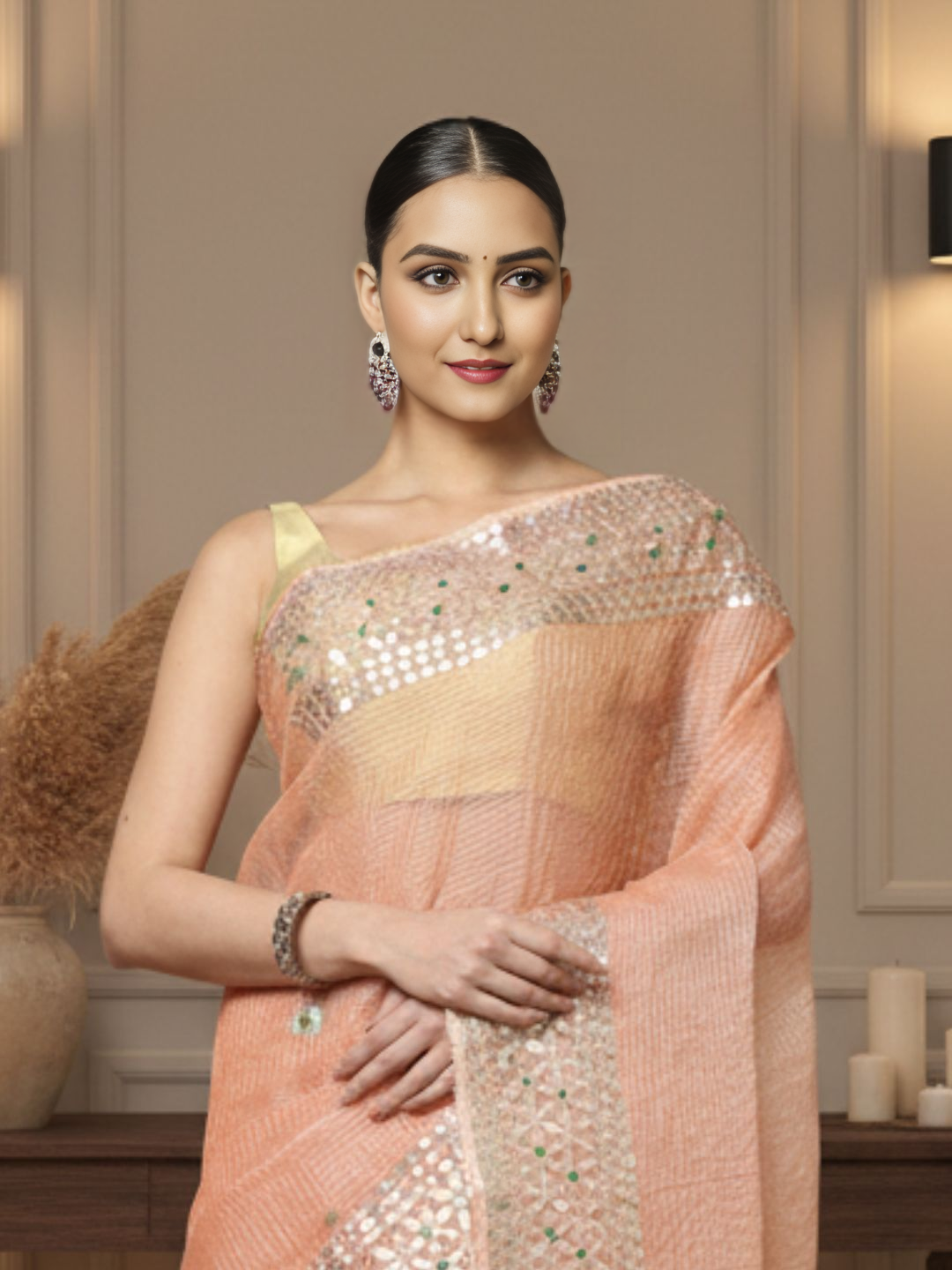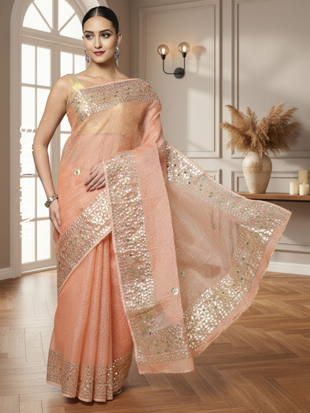 - Embroidery: Skilled artisans embellish the saree with handcrafted Gota Patti work, adding intricate floral and paisley motifs.
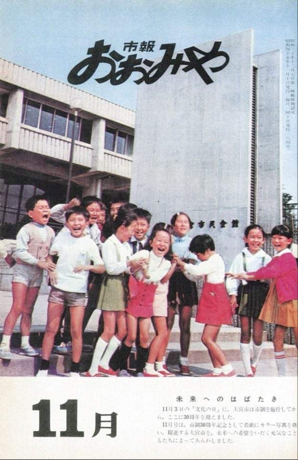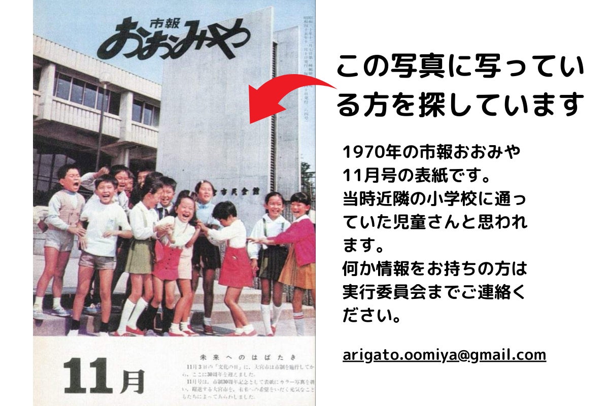 市民会館おおみや(旧名称 大宮市民会館)が完成した年の昭和45年11月10日発行の、市報おおみやの表紙です。こちらの市報の表紙に写っている方を探しています。見つかった場合は、市民会館おおみや閉館イベントにご招待し、同じ場所で写真を撮影したいと思います。何か情報をお持ちの方は実行委員会までご連絡頂けたら幸いです。
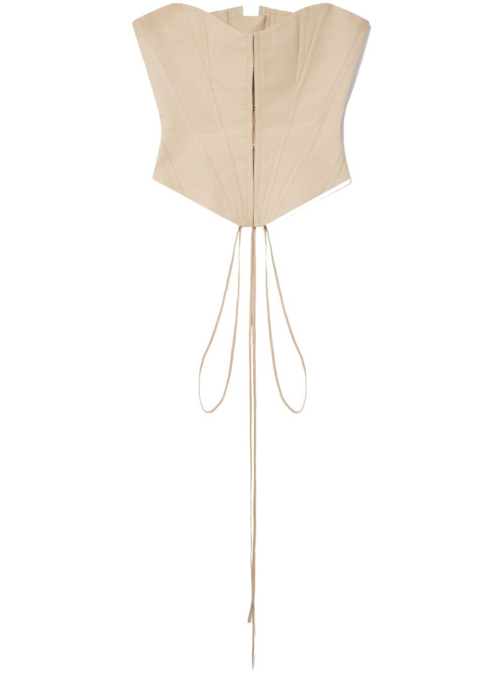 panelled corset-style strapless top Highlights - Light beige - Panelled design - Corset style - Bonded seams - Sweetheart neck - Hook and eye fastening - Rear lace-up fastening - Strapless - Curved hem Made in Italy Composition Viscose 100% Washing instructions Read Manufacturer Guidelines

================================

The expected output is the whole listing, word for word, minus its pictures.

 - Embroidery: Skilled artisans embellish the saree with handcrafted Gota Patti work, adding intricate floral and paisley motifs.
 市民会館おおみや(旧名称 大宮市民会館)が完成した年の昭和45年11月10日発行の、市報おおみやの表紙です。こちらの市報の表紙に写っている方を探しています。見つかった場合は、市民会館おおみや閉館イベントにご招待し、同じ場所で写真を撮影したいと思います。何か情報をお持ちの方は実行委員会までご連絡頂けたら幸いです。
 panelled corset-style strapless top Highlights - Light beige - Panelled design - Corset style - Bonded seams - Sweetheart neck - Hook and eye fastening - Rear lace-up fastening - Strapless - Curved hem Made in Italy Composition Viscose 100% Washing instructions Read Manufacturer Guidelines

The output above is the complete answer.